Os estudos sobre família e gênero no Brasil correlacionam pobreza com família irregular, sem muita consideração sobre os aspectos políticos e ideológicos que envolvem a questão, a exemplo das diversidades étnicas que envolvem o processo de construção de identidades parentais e de gênero (Kaloustian, 1994; Donzelot,1980). A diversidade quanto aos modelos de relacionamento desorientam as pessoas incidindo sobre o incremento de conversões religiosas seja ao catolicismo carismático ou ao protestantismo em busca de paradigmas para as relações conjugais (Machado, 1996).

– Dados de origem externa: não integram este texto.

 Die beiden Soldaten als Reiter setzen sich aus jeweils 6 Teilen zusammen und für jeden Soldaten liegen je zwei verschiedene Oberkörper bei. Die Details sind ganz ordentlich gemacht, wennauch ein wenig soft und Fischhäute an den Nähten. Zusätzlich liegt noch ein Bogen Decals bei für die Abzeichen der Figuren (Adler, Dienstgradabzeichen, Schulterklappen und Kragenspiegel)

Por outro lado, predomina o pressuposto de que a família existe enquanto unidade substantiva, derivada apenas de processos biológicos, sem indagação sobre a existência dos suportes de reprodução material e simbólico que lhes fundamenta a existência. (Sluski,1997)

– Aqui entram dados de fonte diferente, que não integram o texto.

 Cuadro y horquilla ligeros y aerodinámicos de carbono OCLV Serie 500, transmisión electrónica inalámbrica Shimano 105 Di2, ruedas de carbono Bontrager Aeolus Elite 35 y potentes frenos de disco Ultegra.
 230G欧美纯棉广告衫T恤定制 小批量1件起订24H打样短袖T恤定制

Em seu estudo sobre mulheres, relações violentas e a prática feminista, Gregori indica que no geral as explicações para a crise doméstica são atribuídas a “... condutas inadequadas de seus maridos: beber, ser mulherengo, ser boêmio, praticar ‘exageros’ sexuais” (Gregori, 1993:140). Reconhece que seu estudo deixou uma lacuna importante ao não analisar o que ela chamou o “lado dos homens”.

Processos societários e conflitualidade

De acordo com Weber (1986), dado o “politeísmo de valores”, não é possível eliminar a luta que surge como o fundamento de qualquer relação social. Neste sentido, a violência indica a articulação lógica em um confronto de valores. Retomando as reflexões de Weber, Maffesoli (1987) indica que a potencialidade conflitual inerente aos processos societários implica um certo grau de “ritualização da violência”. A desordem para ele tem função estrutural expressando a dialética viva do imaginário e do instituído. Nesse sentido, Foucault (1987) também critica a visão simplesmente dualista do poder como constituindo a relação dominante/dominado elucidando que o exercício do poder sempre comporta manobras e táticas pelas quais o sujeito dominado pode operar sua liberdade.

RESULTADOS

Os motivos para o casamento: economia e afeto.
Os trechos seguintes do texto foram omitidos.